Stem cell transplant for patients with immune system disorders
A Phase II Study of Allogeneic Hematopoietic Stem Cell Transplant for Patients With Inborn Errors of Immunity
This study is testing if a stem cell transplant from a matched donor can help people aged 4 to 69 with immune system disorders feel better and improve their health.
Quick facts
| Phase | Phase 2 |
|---|---|
| Study type | Interventional |
| Enrollment | 66 (estimated) |
| Ages | 4 Years to 69 Years |
| Sex | All |
| Sponsor | National Institutes of Health Clinical Center (CC) NIH |
| Drugs / interventions | alemtuzumab, cyclophosphamide, fludarabine |
| Locations | 1 site (Bethesda, Maryland) |
| Trial ID | NCT04339777 on ClinicalTrials.gov |
What this trial studies
This clinical trial evaluates the safety and efficacy of allogeneic hematopoietic stem cell transplantation in patients with inborn errors of immunity (IEI). Participants aged 4 to 69, who have significant health issues due to primary immunodeficiency or related disorders, will receive stem cells from matched donors. The study aims to achieve sustained donor engraftment and restore normal immune function. Comprehensive screening and conditioning regimens will be employed to ensure the best outcomes for participants.

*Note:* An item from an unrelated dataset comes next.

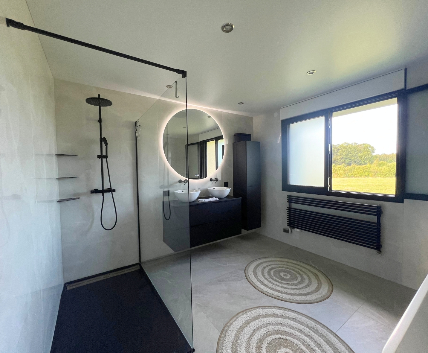 Installations sanitaires complètes : douches, baignoires, lavabos, WC suspendus ou traditionnels.

Who should consider this trial
Good fit: Ideal candidates are individuals aged 4-69 with a known or suspected inborn error of immunity who have not responded to standard treatments.
Not a fit: Patients with stable immune function or those who do not have a suitable donor may not benefit from this study.
Why it matters
Potential benefit: If successful, this treatment could potentially cure patients with severe immune deficiencies, significantly improving their quality of life.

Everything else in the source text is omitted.